At $n = 20$ with heavy-tailed Airbnb prices, the bootstrap distribution is clearly skewed right — the normal approximation would give a misleading CI. By $n = 500$, the CLT has had enough data to produce a roughly normal shape.

“When in doubt, bootstrap. It’s slower but honest.”

Key takeaways

Bootstrap: resample with replacement to estimate uncertainty. Works for any statistic — means, medians, regression coefficients, anything. The bootstrap generalizes to regression coefficients (Chapter 12) and beyond.
The CLT explains why bootstrap distributions often look normal — at least for means and other “average-like” statistics.
Normal approximation: a fast, analytical shortcut when the CLT applies (large $n$, well-behaved data, mean-like statistics). Replace 10,000 resamples with $\hat{\theta} \pm 1.96 \cdot \text{SE}$.
When the CLT fails (median, heavy tails, small $n$), the bootstrap is the fallback.
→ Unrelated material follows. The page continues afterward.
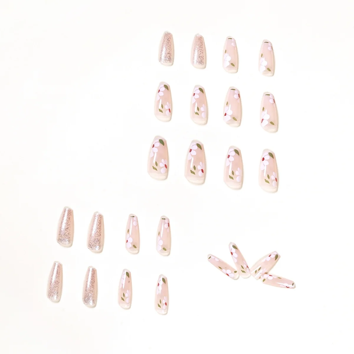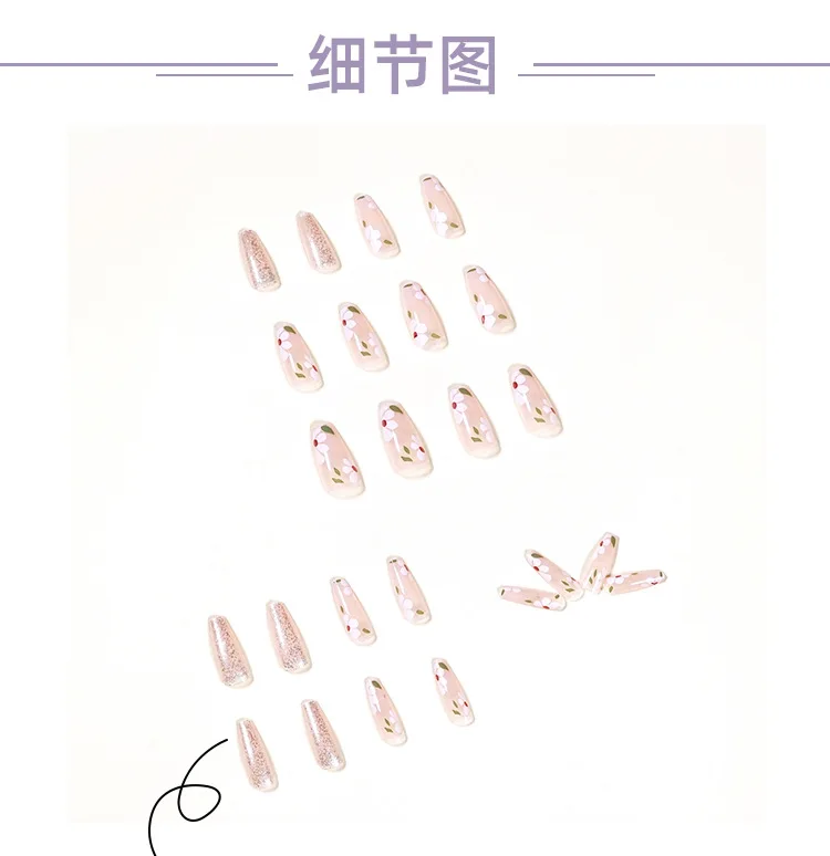 24 шт цветок печатных ногтей патч блестящий клей Тип съемный длинный абзац Мода Маникюр экономить время накладные ногти патч SANA889

It’s slower but always works.
Next: Chapter 9 asks “is the treatment effect real or could it be zero?” — introducing permutation tests and hypothesis testing.

Study guide

Key ideas

Estimand — the quantity you want to know (e.g., the true treatment effect). Estimator — the procedure you use to approximate it (e.g., difference in sample means). Estimate — the specific number you get from one sample (e.g., ~50 CD4 cells).
Bootstrap — resample with replacement from the observed data to approximate the sampling distribution.
Confidence interval — an interval that captures the middle 95% of the bootstrap distribution (percentile method: 2.5th and 97.5th percentiles). A 95% CI means roughly 95% of such intervals would contain the true parameter.
Central Limit Theorem (CLT) — for large $n$, the sample mean is approximately Normal$(\mu, \sigma/\sqrt{n})$.
Standard error (SE) — the standard deviation of a statistic’s sampling distribution; for the mean, SE $= \sigma / \sqrt{n}$.
Normal approximation — using $\hat{\theta} \pm 1.96 \cdot \text{SE}$ instead of bootstrapping.
iid (independent and identically distributed) — each observation drawn from the same distribution, independently of the others.
Sampling distribution — the distribution of a statistic across all possible samples from the population. The bootstrap approximates the sampling distribution by resampling from the observed data.
The CLT explains why bootstrap distributions of means look normal: averaging many independent things produces normality.
The normal approximation replaces 10,000 resamples with a single formula — when the CLT applies.
When the CLT doesn’t apply (median, heavy tails, small $n$), the bootstrap is more reliable.

Computational tools

np.random.choice(data, size=n, replace=True) — one bootstrap resample
np.percentile(bootstrap_dist, [2.5, 97.5]) — 95% bootstrap CI
norm.pdf(x, mu, sigma) — normal density overlay
List comprehension [f(resample) for _ in range(B)] — repeat bootstrap $B$ times

For the quiz

You are responsible for: the bootstrap procedure (resample with replacement, compute statistic, repeat), the percentile CI, the CLT statement, the SE formula for the mean, and when the normal approximation works vs fails. You are NOT responsible for: proving the CLT, bootstrap theory (Efron), or deriving the SE formula for the median.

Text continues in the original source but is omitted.